I currently use STRUCTURE 2.3.4 on Windows. A typical assignment output file for K=2 looks like below. Here is the structure file I use.

Fig.1: A typical Structure assignment output.

We can use the plotting functionality within STRUCTURE to view the assignment results as a barplot. See fig below. The individuals are ordered in the same order as the input file when selecting the ‘Original order’ option. There is another option to sort individuals called ‘Sort by Q’. What does this actually do?

Fig.2: Barplot in STRUCTURE software showing original order of individuals (top) and ‘Sort by Q’ order (bottom).

One might reasonably assume that the individuals are sorted by one of the assignment clusters. But, that is not the case. We will try to plot the data manually and investigate this option. The structure output file used can be downloaded here. This is the same as that linked earlier.

We use the R package pophelper to convert structure files to R dataframe, ggplot package for plotting and reshape2 package for data restructuring. The data is read into R as a dataframe with two columns Cluster1 and Cluster2 with assignment values.

#install pophelper library

#load packages

#read data to dataframe
df <- readQ("structure-file.txt")[[1]]

> head(df)
Cluster1 Cluster2
1 0.965 0.035
2 0.977 0.023
3 0.961 0.039
4 0.975 0.025
5 0.974 0.026
6 0.982 0.018

Now we create a function to create the plot.

#create function to generate plots
plotfn <- function(df=NULL, filename=NULL){
#reshape to long format
df$num <- 1:nrow(df)
df1 <- reshape2::melt(df, id.vars="num")
#reversing order for cosmetic reasons
df1 <- df1[rev(1:nrow(df1)), ]

p <- ggplot(df1, aes(x=num, y=value, fill=variable))+
geom_bar(stat="identity", position="fill", width=1, space=0)+
scale_x_continuous(expand = c(0, 0))+
scale_y_continuous(expand = c(0, 0))+
labs(x = NULL, y = NULL)+
theme(legend.position = "none",
axis.ticks = element_blank(),
axis.text.x = element_blank())

ggsave(filename=filename, plot=p, height=4, width=12, dpi=150, units="cm")

#plot unsorted plot
plotfn(df=df, filename="bp-r-unsorted.png")

Here is the assignment barplot in the original order.

Fig.3: Assignment barplot recreated in R. Individuals are in original order.

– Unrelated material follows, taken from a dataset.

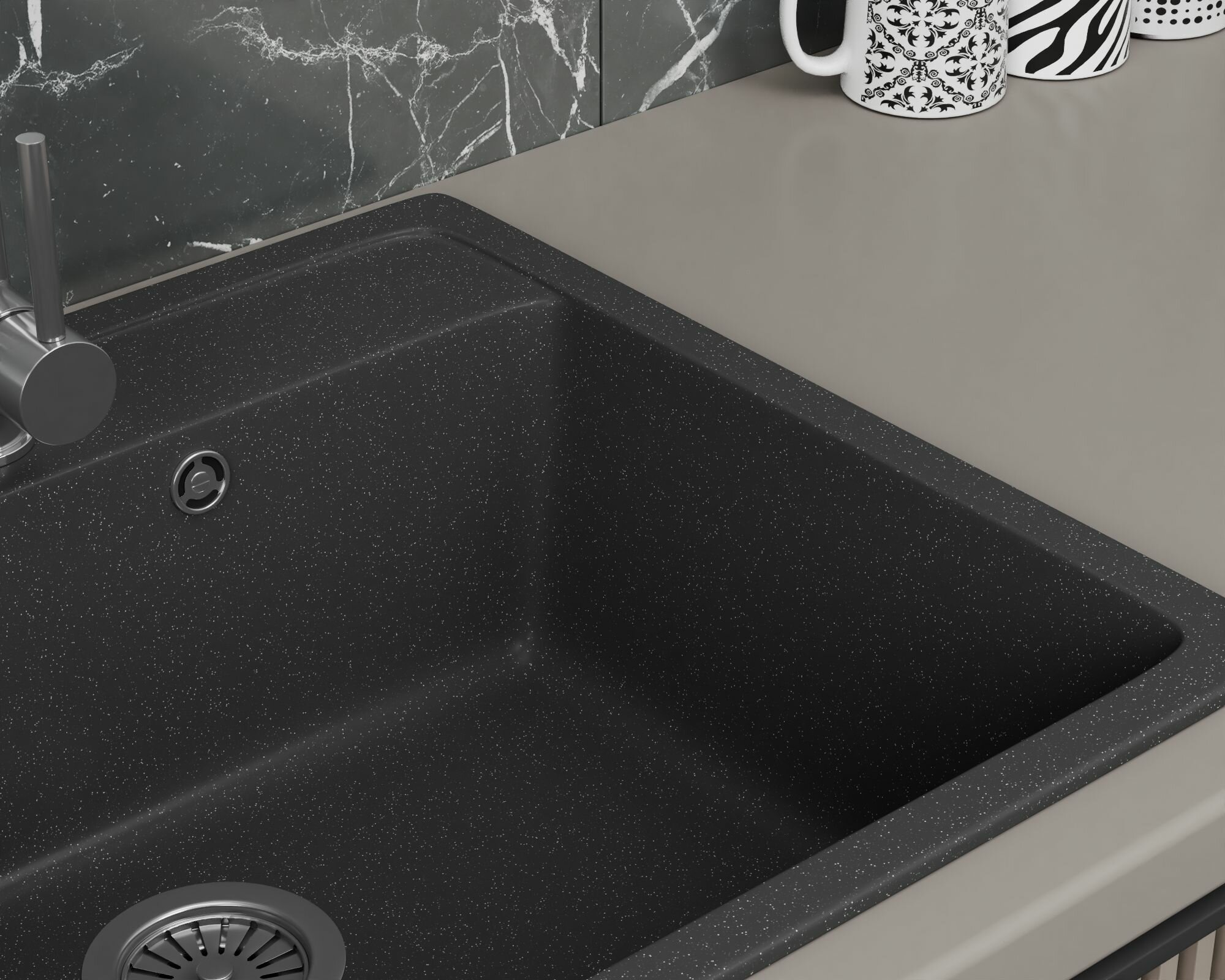 Мойка для кухни BAU Stil Black stone 76х51, выпуск с сифоном в комплекте, черный камень
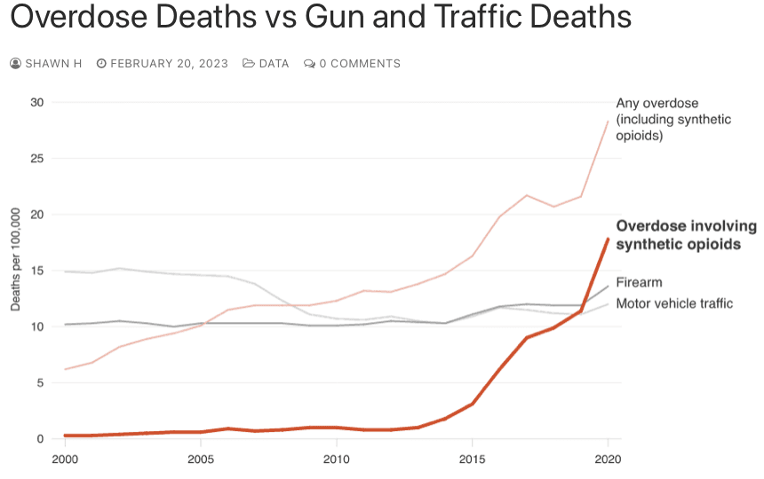 Opioid overdose deaths have exceeded gun or vehicle deaths since 2005. But there has been a big uptick since the introduction of synthetic opioids, about 2014. Fentanyl is now the leading cause of overdose deaths, alone outpacing gun and vehicle deaths, see graph.

Now we create two plots. One figure where the table is sorted by Cluster1 and second figure where the table is sorted by Cluster2.

#sort table by cluster1
df_c1 <- df[order(df[, 1]), ]
plotfn(df=df_c1, filename="bp-r-sortedc1.png")

#sort table by cluster2
df_c2 <- df[order(df[, 2]), ]
plotfn(df=df_c2, filename="bp-r-sortedc2.png")
Fig.4: Assignment barplot in R sorted by cluster 1.
Fig.5: Assignment barplot in R sorted by cluster 2.

Both of these plots do not resemble the ‘Sort by Q’ option in Structure software. They look like mirror images only because it’s K=2. For K>2, they would look quite different. Anyway, the ‘Sort by Q’ option does a bit more. For each individual, the max assignment value is picked to create a new column called ‘max’. The cluster number with the max assignment is created as a new column called ‘match’. The the whole table is sorted ascending by ‘match’ and descending by ‘max’. Here is the R code.

#pick max cluster, match max to cluster
maxval <- apply(df, 1, max)
matchval <- vector(length=nrow(df))
for(j in 1:nrow(df)) matchval[j] <- match(maxval[j], df[j, ])

#add max and match to df
df_q <- df
df_q$maxval <- maxval
df_q$matchval <- matchval

#order dataframe ascending match and decending max
df_q <- df_q[with(df_q,  order(matchval, -maxval)), ]

#remove max and match
df_q$maxval <- NULL
df_q$matchval <- NULL

plotfn(df=df_q, filename="bp-r-sortedq.png")

And that gives us the plot we are looking for. The same plot created in the STRUCTURE software.

Fig.6: Assignment barplot in R sorted by Q.

Here is also an Excel file with the calculations, if R is not your thing.

Fig.7: Assignment barplot and ‘Sort by Q’ calculation in Excel.

You can always verify by checking the individual number (#) with the individual numbers in the STRUCTURE software (set to ‘Plot in multiple lines’).

That’s all for now. I hope this was useful for all those who were as confused as I was.